Thursday, January 25, 2007

"Suffer the little children"

The Catholic Church in Britain, much like its counterpart in Massachusetts, is moving to scuttle its adoption services rather than to offer those services to gay and lesbian couples wishing to adopt a child, as a provision of a new anti-discrimination law in the UK would require.

From the Guardian:
Cabinet sources said the new proposals would require Catholic adoption agencies to consider gay couples - or close down - after a reasonable delay that would allow them to ensure that the children in their care are properly dealt with.

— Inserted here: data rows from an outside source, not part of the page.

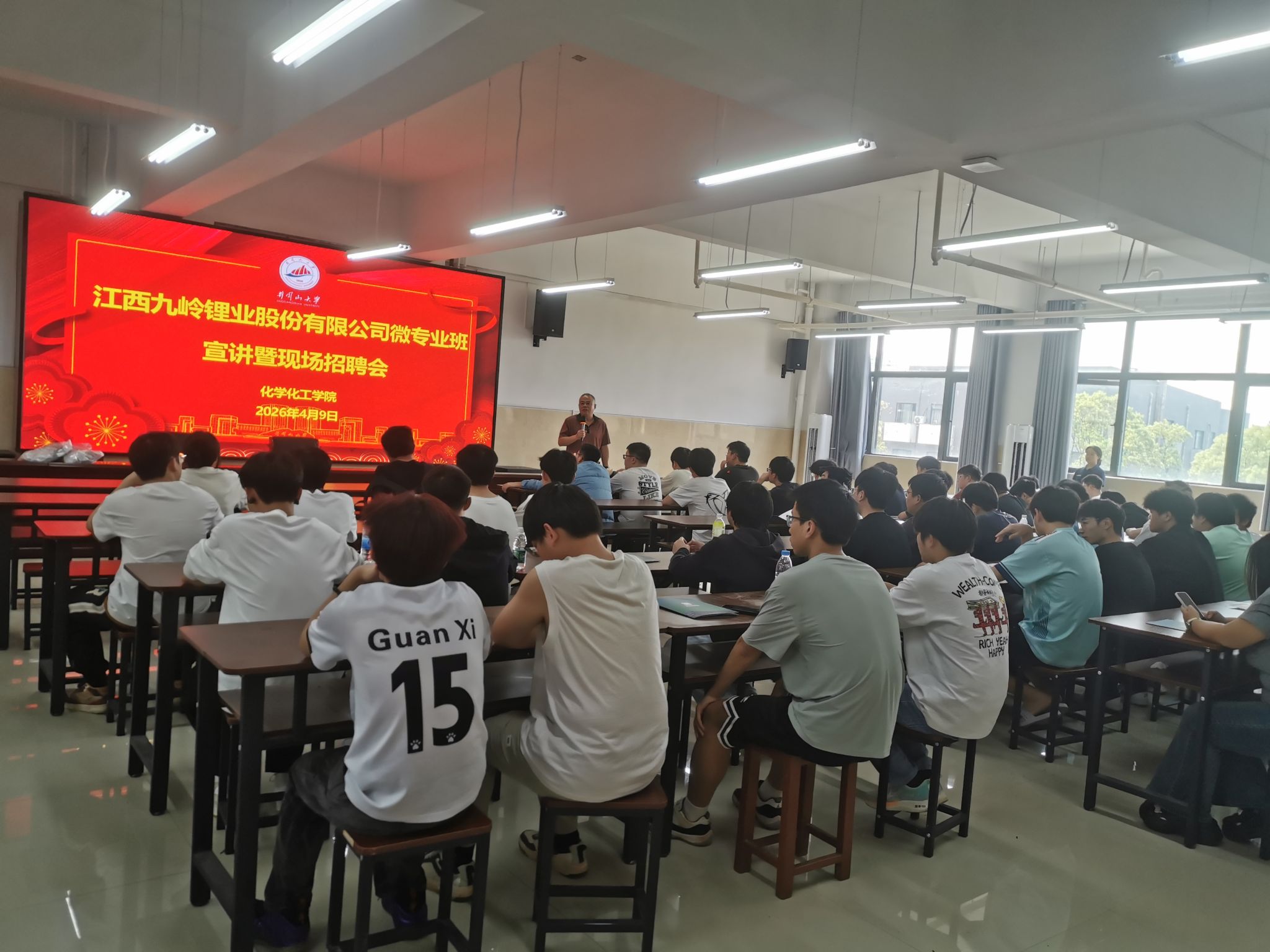 为深化产教融合、拓宽人才培养与就业渠道,4月9日下午和4月10日上午,江西九岭锂业股份有限公司人力资源总监邓亮亮一行应邀来化学化工学院举行微专业班招生宣讲暨现场招聘会。学院院长陈文通及200余名相关专业学子参加活动。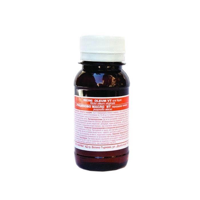 Veta Pharma Рициново масло (Ricini oleum) е средство със слабително действие, което се прилага за краткотрайно лечение при хроничен запек. Рициновото масло е сред най-добрите природни средства за кожата и косата. Често използвано в козметиката, рициновото масло прави кожата нежна, мека и гладка, а косата жизнена и блестяща. Рициновото масло подхранва, избелва, омекотява и заглажда кожата и изравнява тена. Рициновото масло е подходящо средство за почистване на грима.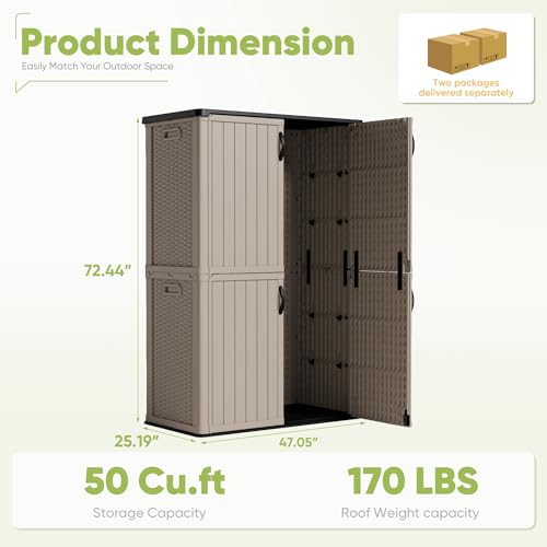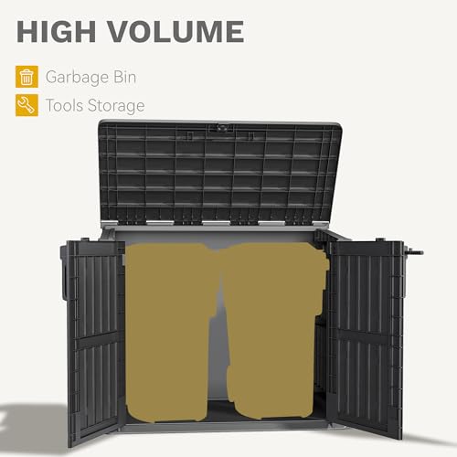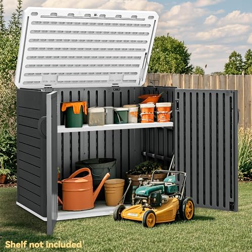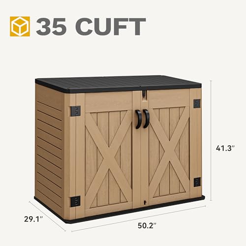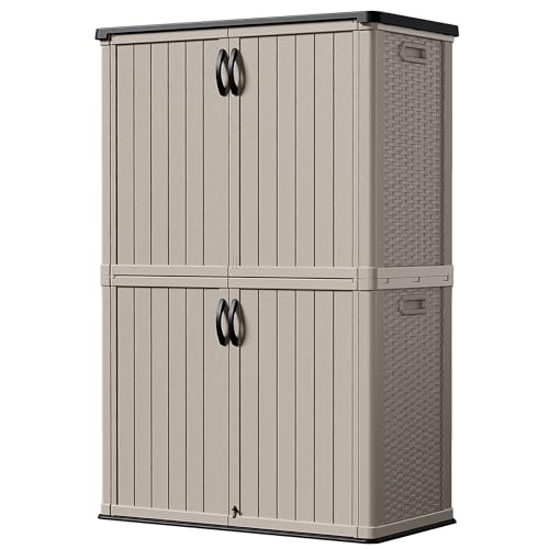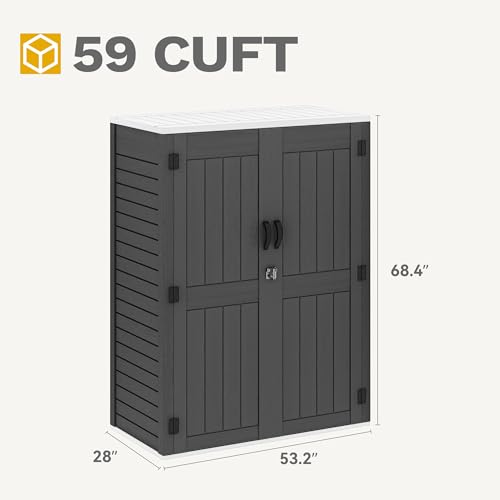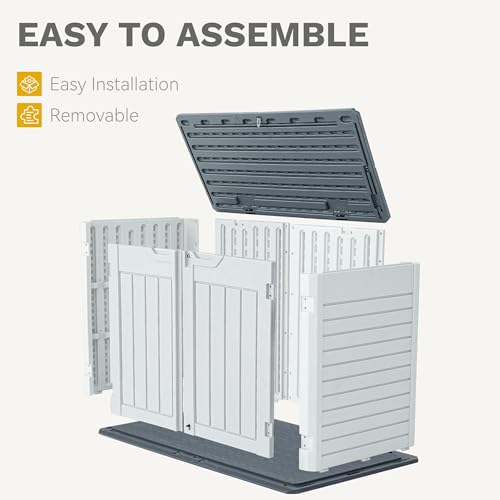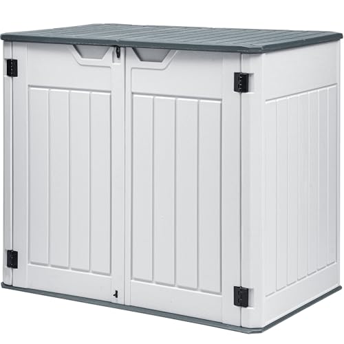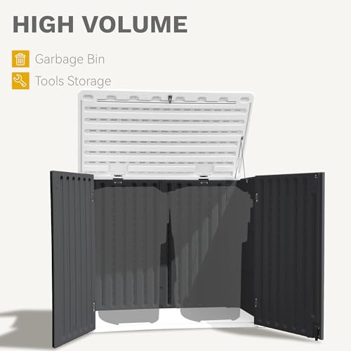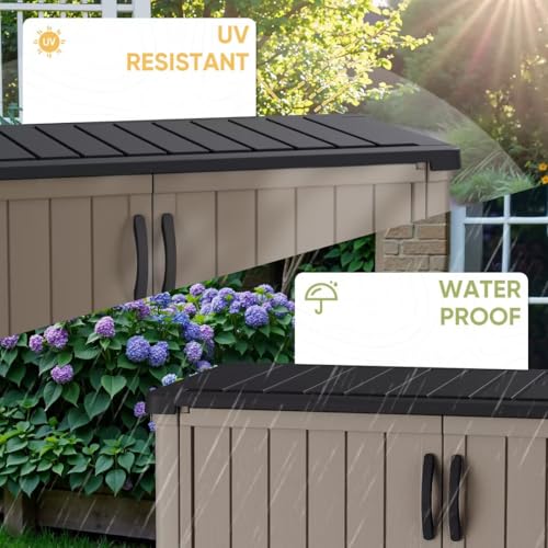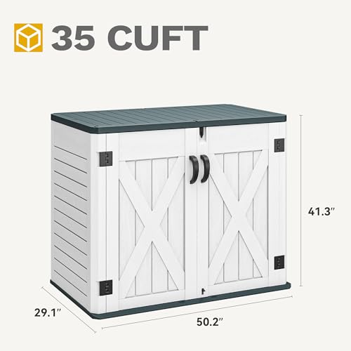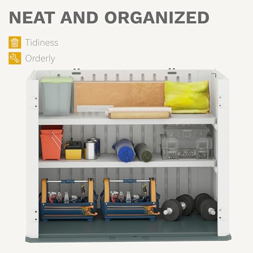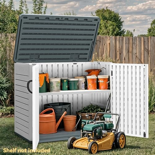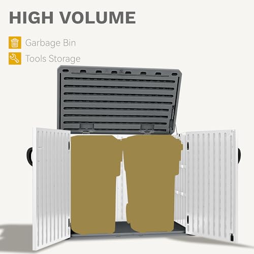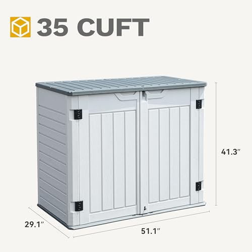 DWVO Outdoor Weather-Resistant Horizontal Storage Shed, 35 Cu Ft Capacity, Lockable and Waterproof, Suitable for Storing Garden Tools, Light Gray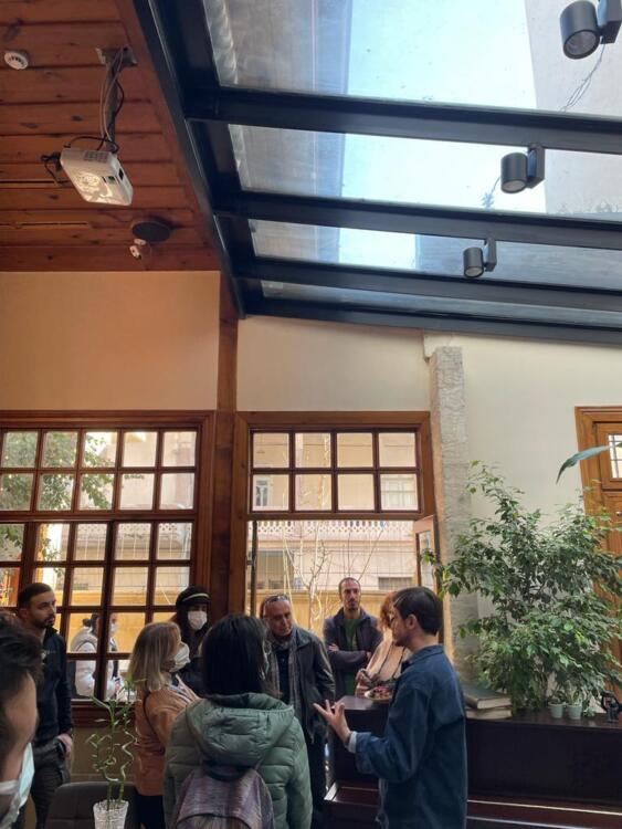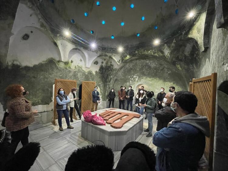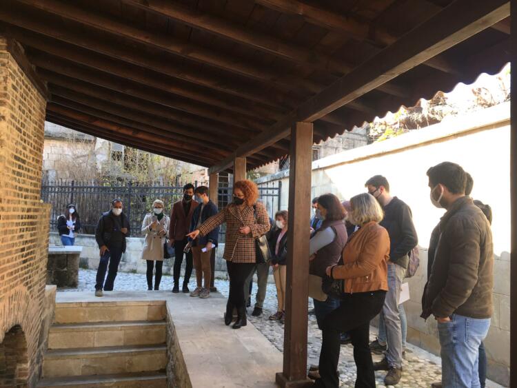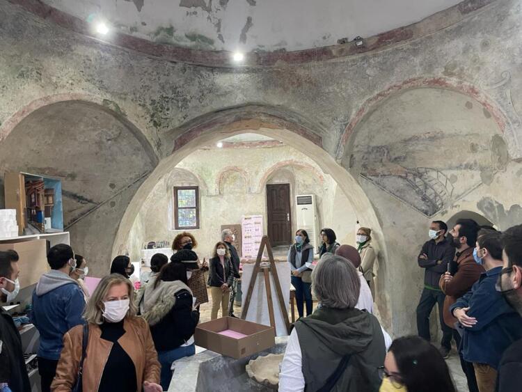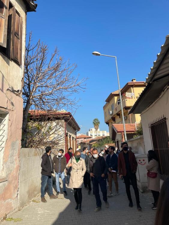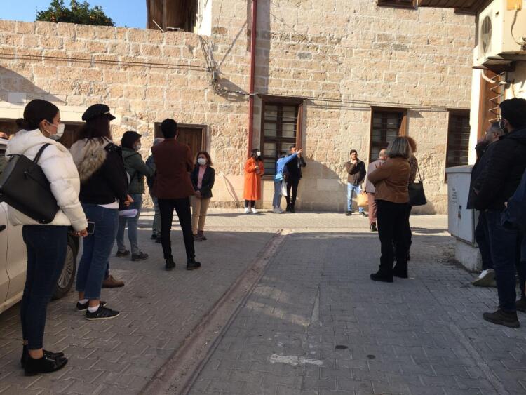 Mersin Üniversitesi Mimarlık Bölüm Başkanı Tuba AKAR mihmandarlığında Hadra Hamamı, tarihi sokaklar, Tahtalı Cami ve Restorasyonu tamamlanan Kiremithane Restoranı gezilerek tur tamamlandı. Gezi sırasında Akdeniz Belediyesi’nde görevli Mimar Hatice ATALAY ve Kiremithane Restoranı Projesinin Mimarı Seza OLCAYCAN gezide meslektaşlarımıza bilgiler verdiler.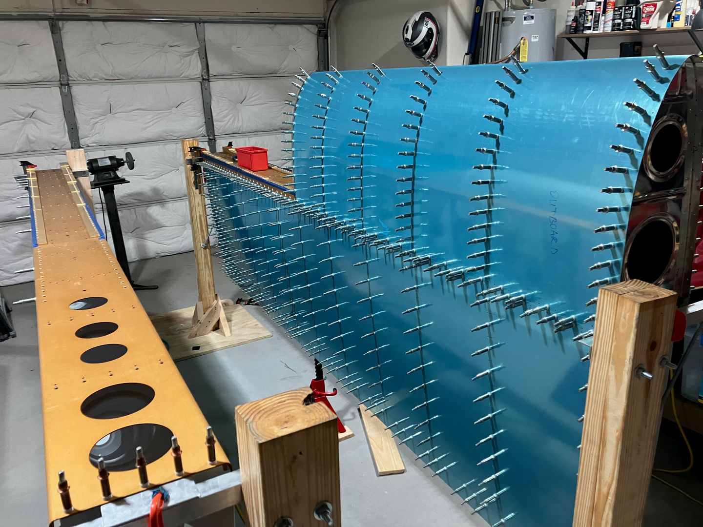 There was not much to report over the last month as I was waiting for the new leading edge ribs to arrive. During that time I drilled both the bottom and the top skins to the wing skeleton (which still took couple of hours).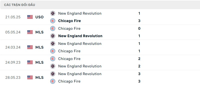 Xét về thành tích đối đầu, cả hai đội tỏ ra khá cân bằng. Trong 5 lần gặp nhau gần nhất, Chicago Fire và New England Revolution chia nhau mỗi đội 1 chiến thắng, còn lại có tới 3 trận hòa. Điều này phản ánh sự giằng co và khó phân thắng bại mỗi khi họ chạm trán.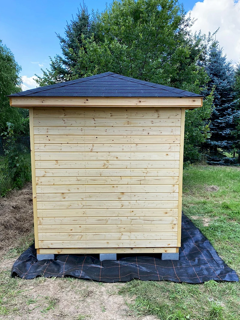 • Domek pokryty gontem bitumicznym (kolor i wzór do wyboru klienta)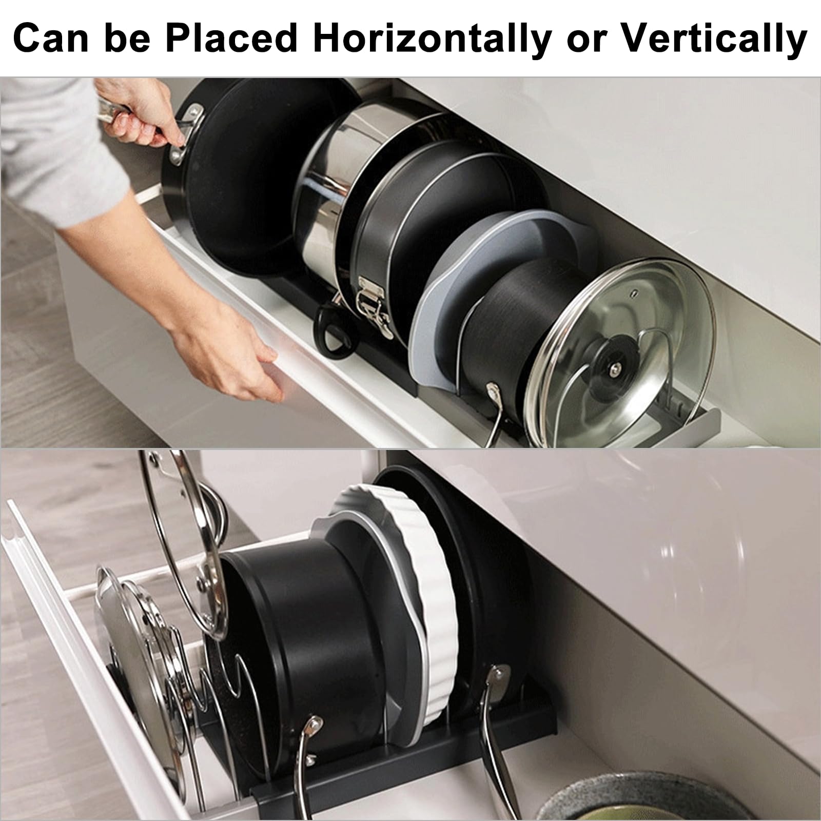 • 🍽️【Save Space】: ALLWYOU retractable cabinet pot rack is suitable for storing most types of pots and pans. It can be used to store various pot lids, pans, frying pans, baking sheets, tableware, saucepan lid storage, baking tray storage rack etc., and neatly store various kitchen utensils on the kitchen countertop, cupboards, shelves.

This means the Catholic Church, as a world-wide body, apparently, think it is more important to discriminate against gays than it is fulfill Jesus' own command to care for orphans. Let me restate this: It is more important to the Catholic Church to break the Christ's command to not judge than it is to keep his command to care for "the least of these."

When Jesus told us to "suffer the little children," I don't think he literally wanted us to make children suffer.

Tuesday, January 23, 2007

Love God's Way

This is THE viral video of the day, and dammit, I'm not gonna be the only queer blogger not to post about it. The question is, however, have ANY straight or christian blogs written about it?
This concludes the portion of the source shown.